Records for the exercise
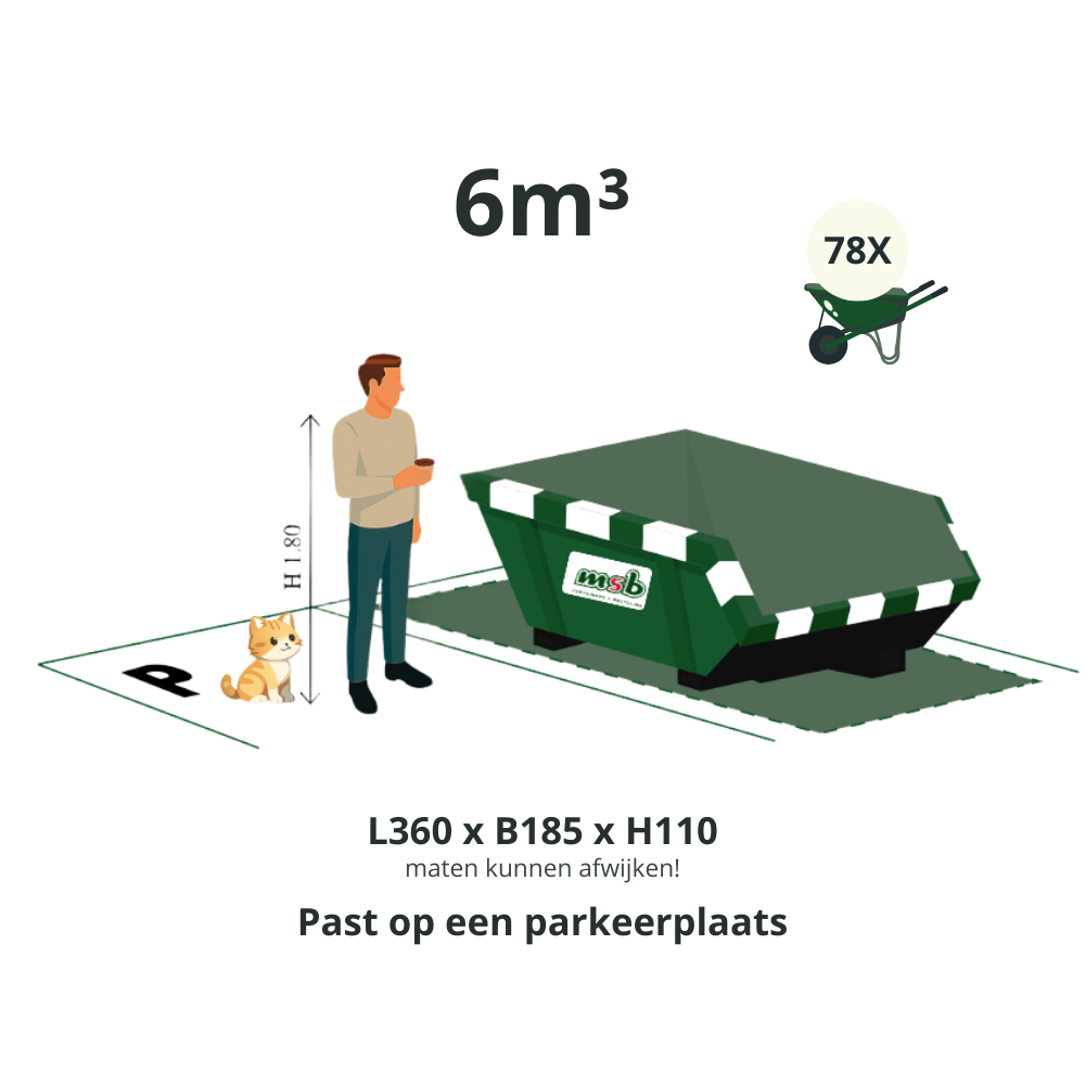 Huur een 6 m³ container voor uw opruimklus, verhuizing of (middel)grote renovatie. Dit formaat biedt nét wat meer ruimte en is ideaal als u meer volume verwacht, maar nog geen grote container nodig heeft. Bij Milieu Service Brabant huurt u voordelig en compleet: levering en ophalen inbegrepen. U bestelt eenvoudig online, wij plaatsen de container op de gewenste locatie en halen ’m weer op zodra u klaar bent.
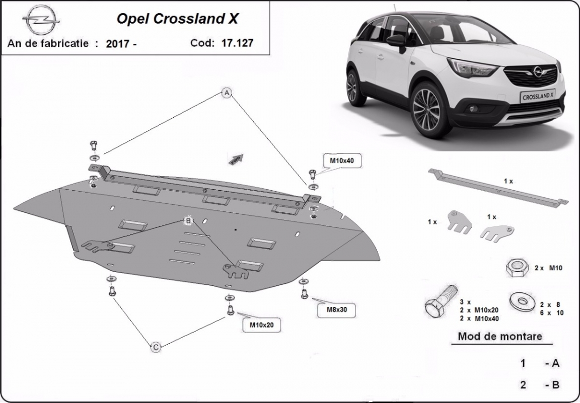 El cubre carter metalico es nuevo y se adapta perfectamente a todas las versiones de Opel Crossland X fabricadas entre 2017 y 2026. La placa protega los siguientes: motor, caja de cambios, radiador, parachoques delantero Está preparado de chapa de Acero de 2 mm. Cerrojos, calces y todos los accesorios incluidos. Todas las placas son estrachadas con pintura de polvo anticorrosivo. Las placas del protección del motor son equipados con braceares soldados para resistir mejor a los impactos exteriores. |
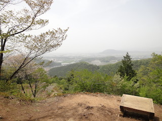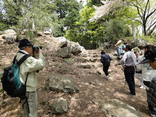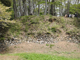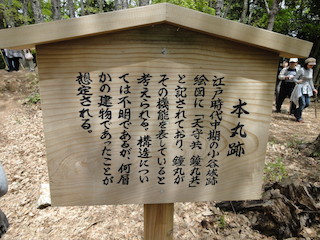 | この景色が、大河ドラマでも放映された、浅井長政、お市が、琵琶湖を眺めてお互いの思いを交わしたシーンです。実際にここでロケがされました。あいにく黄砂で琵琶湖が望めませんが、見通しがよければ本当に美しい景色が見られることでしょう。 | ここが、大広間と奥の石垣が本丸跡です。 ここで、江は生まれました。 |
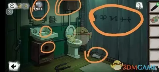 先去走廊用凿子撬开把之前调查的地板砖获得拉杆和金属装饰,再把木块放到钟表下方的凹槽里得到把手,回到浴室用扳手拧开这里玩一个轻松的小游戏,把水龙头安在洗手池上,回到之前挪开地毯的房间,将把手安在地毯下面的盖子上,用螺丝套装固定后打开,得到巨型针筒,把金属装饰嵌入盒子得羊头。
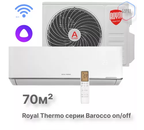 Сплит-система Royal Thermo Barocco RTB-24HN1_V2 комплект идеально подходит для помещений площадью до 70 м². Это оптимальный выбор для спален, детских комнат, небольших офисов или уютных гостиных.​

Exercise details
Could you repeat the data exactly, omitting its pictures?

Expected output
 Huur een 6 m³ container voor uw opruimklus, verhuizing of (middel)grote renovatie. Dit formaat biedt nét wat meer ruimte en is ideaal als u meer volume verwacht, maar nog geen grote container nodig heeft. Bij Milieu Service Brabant huurt u voordelig en compleet: levering en ophalen inbegrepen. U bestelt eenvoudig online, wij plaatsen de container op de gewenste locatie en halen ’m weer op zodra u klaar bent.
 El cubre carter metalico es nuevo y se adapta perfectamente a todas las versiones de Opel Crossland X fabricadas entre 2017 y 2026. La placa protega los siguientes: motor, caja de cambios, radiador, parachoques delantero Está preparado de chapa de Acero de 2 mm. Cerrojos, calces y todos los accesorios incluidos. Todas las placas son estrachadas con pintura de polvo anticorrosivo. Las placas del protección del motor son equipados con braceares soldados para resistir mejor a los impactos exteriores. |
 | この景色が、大河ドラマでも放映された、浅井長政、お市が、琵琶湖を眺めてお互いの思いを交わしたシーンです。実際にここでロケがされました。あいにく黄砂で琵琶湖が望めませんが、見通しがよければ本当に美しい景色が見られることでしょう。 | ここが、大広間と奥の石垣が本丸跡です。 ここで、江は生まれました。 |
 先去走廊用凿子撬开把之前调查的地板砖获得拉杆和金属装饰,再把木块放到钟表下方的凹槽里得到把手,回到浴室用扳手拧开这里玩一个轻松的小游戏,把水龙头安在洗手池上,回到之前挪开地毯的房间,将把手安在地毯下面的盖子上,用螺丝套装固定后打开,得到巨型针筒,把金属装饰嵌入盒子得羊头。
 Сплит-система Royal Thermo Barocco RTB-24HN1_V2 комплект идеально подходит для помещений площадью до 70 м². Это оптимальный выбор для спален, детских комнат, небольших офисов или уютных гостиных.​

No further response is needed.